PROVIDED DATA:

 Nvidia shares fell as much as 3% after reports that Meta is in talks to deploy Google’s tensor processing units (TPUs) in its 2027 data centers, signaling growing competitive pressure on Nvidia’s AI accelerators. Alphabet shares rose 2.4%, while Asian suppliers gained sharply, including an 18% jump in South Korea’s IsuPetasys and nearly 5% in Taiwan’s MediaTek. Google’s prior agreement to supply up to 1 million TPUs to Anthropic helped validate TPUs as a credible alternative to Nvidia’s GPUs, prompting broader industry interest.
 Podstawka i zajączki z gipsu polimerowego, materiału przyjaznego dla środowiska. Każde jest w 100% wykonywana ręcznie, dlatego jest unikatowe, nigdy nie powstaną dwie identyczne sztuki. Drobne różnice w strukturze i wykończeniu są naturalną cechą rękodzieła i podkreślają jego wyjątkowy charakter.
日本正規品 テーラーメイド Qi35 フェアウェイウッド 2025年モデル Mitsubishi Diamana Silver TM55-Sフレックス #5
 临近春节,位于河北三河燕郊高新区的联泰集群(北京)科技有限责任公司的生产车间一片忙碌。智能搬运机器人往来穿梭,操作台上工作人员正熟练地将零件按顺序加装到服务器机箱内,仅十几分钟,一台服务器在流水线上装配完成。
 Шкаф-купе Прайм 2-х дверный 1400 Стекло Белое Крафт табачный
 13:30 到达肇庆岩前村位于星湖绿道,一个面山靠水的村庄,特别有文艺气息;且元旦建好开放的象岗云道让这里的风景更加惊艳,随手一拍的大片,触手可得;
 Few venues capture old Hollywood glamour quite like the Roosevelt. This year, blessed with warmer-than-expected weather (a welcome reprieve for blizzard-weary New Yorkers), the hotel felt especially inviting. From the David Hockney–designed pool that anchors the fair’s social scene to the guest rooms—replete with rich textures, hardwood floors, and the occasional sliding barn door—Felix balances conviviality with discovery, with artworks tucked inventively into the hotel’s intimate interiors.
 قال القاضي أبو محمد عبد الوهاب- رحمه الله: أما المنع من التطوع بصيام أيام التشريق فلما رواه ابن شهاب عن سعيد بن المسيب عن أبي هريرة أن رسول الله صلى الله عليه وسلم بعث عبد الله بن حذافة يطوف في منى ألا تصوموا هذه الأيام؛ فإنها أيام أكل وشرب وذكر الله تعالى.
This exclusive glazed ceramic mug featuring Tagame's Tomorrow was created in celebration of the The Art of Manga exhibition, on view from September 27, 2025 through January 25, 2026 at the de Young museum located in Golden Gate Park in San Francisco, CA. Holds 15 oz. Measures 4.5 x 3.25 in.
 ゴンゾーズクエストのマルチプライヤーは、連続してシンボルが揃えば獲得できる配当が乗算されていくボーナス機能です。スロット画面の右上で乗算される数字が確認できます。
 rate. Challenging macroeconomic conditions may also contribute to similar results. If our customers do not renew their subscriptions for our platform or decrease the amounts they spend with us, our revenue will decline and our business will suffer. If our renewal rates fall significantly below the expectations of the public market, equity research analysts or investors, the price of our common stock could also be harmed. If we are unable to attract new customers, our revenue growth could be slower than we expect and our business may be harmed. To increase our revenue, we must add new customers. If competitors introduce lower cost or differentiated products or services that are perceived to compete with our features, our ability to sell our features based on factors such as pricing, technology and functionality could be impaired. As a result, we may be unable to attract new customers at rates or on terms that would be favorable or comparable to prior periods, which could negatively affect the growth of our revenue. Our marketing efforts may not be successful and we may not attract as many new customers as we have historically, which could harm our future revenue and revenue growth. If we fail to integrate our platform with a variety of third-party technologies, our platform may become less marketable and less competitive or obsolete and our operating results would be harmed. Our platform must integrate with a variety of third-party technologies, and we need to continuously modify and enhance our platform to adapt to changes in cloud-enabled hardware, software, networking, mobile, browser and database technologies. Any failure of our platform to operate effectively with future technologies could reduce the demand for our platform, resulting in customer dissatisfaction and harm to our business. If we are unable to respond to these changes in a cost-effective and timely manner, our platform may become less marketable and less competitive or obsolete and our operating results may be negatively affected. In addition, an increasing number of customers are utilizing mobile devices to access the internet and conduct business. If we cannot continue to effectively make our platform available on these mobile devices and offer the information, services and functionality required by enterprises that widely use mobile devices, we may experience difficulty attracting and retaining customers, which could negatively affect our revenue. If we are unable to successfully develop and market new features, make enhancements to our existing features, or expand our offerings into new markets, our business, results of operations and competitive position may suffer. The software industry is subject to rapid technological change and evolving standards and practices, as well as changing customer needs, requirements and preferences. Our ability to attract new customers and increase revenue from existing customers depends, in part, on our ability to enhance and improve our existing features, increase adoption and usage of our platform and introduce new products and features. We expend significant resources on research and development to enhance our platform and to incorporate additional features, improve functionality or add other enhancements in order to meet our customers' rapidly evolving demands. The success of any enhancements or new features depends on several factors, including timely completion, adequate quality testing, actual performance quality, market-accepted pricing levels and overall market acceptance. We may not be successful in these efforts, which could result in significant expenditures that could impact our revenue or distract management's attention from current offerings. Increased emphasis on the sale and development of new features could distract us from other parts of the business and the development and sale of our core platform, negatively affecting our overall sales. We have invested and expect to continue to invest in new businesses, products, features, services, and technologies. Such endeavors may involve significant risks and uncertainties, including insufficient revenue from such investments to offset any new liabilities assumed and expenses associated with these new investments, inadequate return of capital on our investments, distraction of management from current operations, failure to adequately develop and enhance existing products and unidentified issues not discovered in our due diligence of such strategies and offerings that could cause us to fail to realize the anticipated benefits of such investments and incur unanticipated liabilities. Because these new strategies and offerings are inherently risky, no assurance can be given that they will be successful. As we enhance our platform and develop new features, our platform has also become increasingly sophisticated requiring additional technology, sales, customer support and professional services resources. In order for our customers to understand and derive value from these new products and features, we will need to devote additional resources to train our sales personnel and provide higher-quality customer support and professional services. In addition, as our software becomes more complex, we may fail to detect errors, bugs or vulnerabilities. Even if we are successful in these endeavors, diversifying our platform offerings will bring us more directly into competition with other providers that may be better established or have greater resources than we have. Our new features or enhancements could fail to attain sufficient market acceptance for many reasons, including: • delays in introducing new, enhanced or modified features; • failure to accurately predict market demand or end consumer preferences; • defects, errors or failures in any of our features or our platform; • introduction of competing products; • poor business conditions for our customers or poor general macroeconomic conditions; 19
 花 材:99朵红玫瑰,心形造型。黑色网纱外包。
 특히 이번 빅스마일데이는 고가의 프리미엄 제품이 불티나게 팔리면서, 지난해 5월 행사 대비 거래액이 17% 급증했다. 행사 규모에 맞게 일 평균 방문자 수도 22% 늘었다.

EXERCISE GOAL:
Within the listing above, filter for lines holding the string "This" and copy each one.

TASK RESULT:
 Few venues capture old Hollywood glamour quite like the Roosevelt. This year, blessed with warmer-than-expected weather (a welcome reprieve for blizzard-weary New Yorkers), the hotel felt especially inviting. From the David Hockney–designed pool that anchors the fair’s social scene to the guest rooms—replete with rich textures, hardwood floors, and the occasional sliding barn door—Felix balances conviviality with discovery, with artworks tucked inventively into the hotel’s intimate interiors.
This exclusive glazed ceramic mug featuring Tagame's Tomorrow was created in celebration of the The Art of Manga exhibition, on view from September 27, 2025 through January 25, 2026 at the de Young museum located in Golden Gate Park in San Francisco, CA. Holds 15 oz. Measures 4.5 x 3.25 in.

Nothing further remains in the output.